Proving that a supremum is unique by contradiction

Question

I am not sure if my proof is proper, so please comment on it and try to fix it if you can.

Let $S$ be a non-empty set. Say that a and b are both supremum of $S$ with $a<b$.

Assuming the definition of a supremum that it must be the least upper bound of the set.

Proof by contradiction that there is a unique supremum:

Because $b=\sup S$ then $b \ge x$ for all $x \in S$. Similarly because $a=\sup S$ then $a \ge x$ for all $x \in S$

Results: $b>a \ge x$, this implies $b> x$, but that means $b$ is not a supremum anymore, and $a$ is the new supremum as $a≥ x$. Therefore there must be only one supremum.

We can easily prove the second subpoint of the supremum definition.( For all $r>0$ there exists $m \in S$ : $a-r<m$)

Answer 1

No, that argument doesn't work. It is quite possible for the least upper bound of a set to not be equal to any element - for example, the negative real numbers.

The way to prove this is that word "least" in the name. By definition, $a$ is a least upper bound for a set $S$ if it is an upper bound for $S$ (for all $x\in S$, $x\le a$) such that, for any $b$ that is also an upper bound for $S$, $a\le b$. This definition applies for any order, or even partial order; the order on the real numbers is just one case. Whether least upper bounds exist in general depends on the system we're in.

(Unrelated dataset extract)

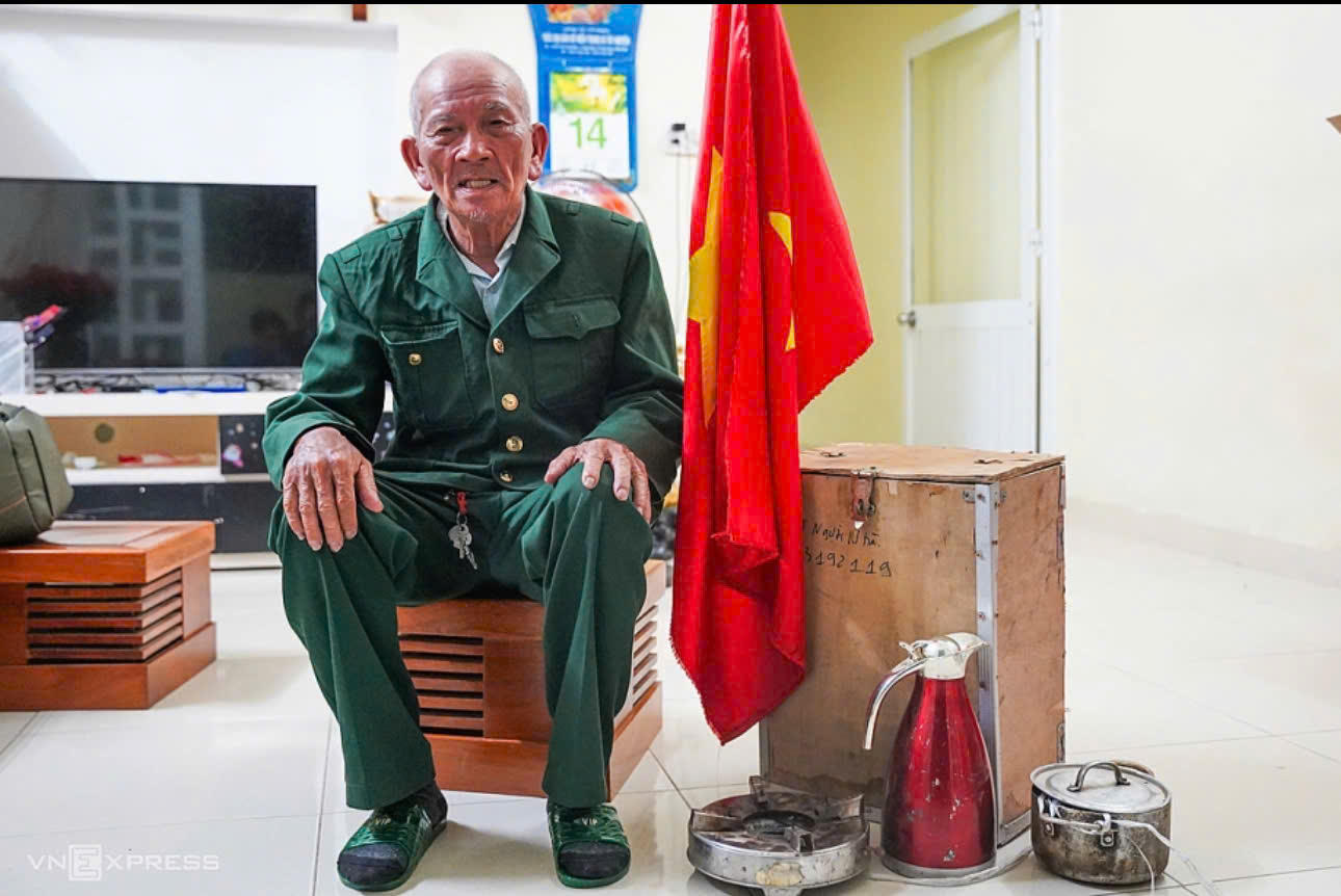 Giữa dòng người tấp nập ấy, nổi bật hình ảnh cựu chiến binh Trần Văn Thanh (76 tuổi, quê Nghệ An) một mình lái chiếc xe máy vượt hơn 1.300 km để vào đến TP.HCM. Ông khoác bộ quân phục cũ màu xanh, trên ngực lấp lánh những huy hiệu năm xưa — bộ quân phục không chỉ là quần áo, mà là cả một ký ức thiêng liêng ông gìn giữ suốt chặng đường đời.

Oh, and that proof I alluded to? If $a$ and $b$ are both least upper bounds for $S$, then by the definition, $a\le b$ and $b\le a$. Therefore, $a=b$. It's that simple. Don't overcomplicate it.

Answer 2

In partial order, two elements may not be comparable. Hence we can say that a set may have multiple supremums that are not comparable, so the supremum is not unique with the partial order (in generality). But if both elements of our space can be compared (that is, if the order is general), we will prove below that the supremum is unique. Let $a$ and $b$ both the supremum of $A$ From the definition of supremum, $a$ and $b$ are upper bounds of $A$.If $a$ is a supremum of $A$, then $a \le b$. Because of $b$ is an upper bound of $A$. If $b$ is a supremum of $A$, then $b \le a$. Because of $a$ is an upper bound of $A$. Hence by the antisymmetry of the ordering we obtain$a=b$.